Task brief — The full listing, minus its pictures, should be printed again exactly as it stands.

Raw data —
- - -

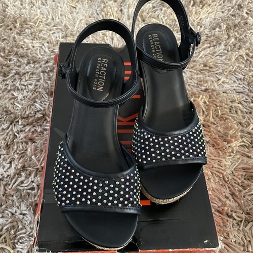 Kenneth Cole Reaction Black Straps Tan Soles Don't Dare Platform Wedges Sandals
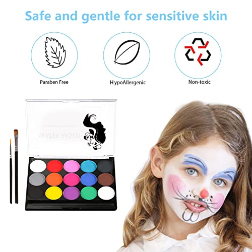 Truccabimbi Kit Body Painting 15 Colori Face Painting Trucco Viso Bambini Body Painting Colori Pittura Facciale Halloween Make Up Carnevale Bambino con 4 Pennelli Trucco, 5 Stencil
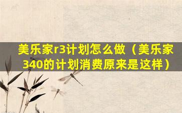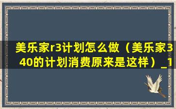 美乐家r3计划怎么做(美乐家340的计划消费原来是这样)

- - -

Response box —
 Kenneth Cole Reaction Black Straps Tan Soles Don't Dare Platform Wedges Sandals
 Truccabimbi Kit Body Painting 15 Colori Face Painting Trucco Viso Bambini Body Painting Colori Pittura Facciale Halloween Make Up Carnevale Bambino con 4 Pennelli Trucco, 5 Stencil
 美乐家r3计划怎么做(美乐家340的计划消费原来是这样)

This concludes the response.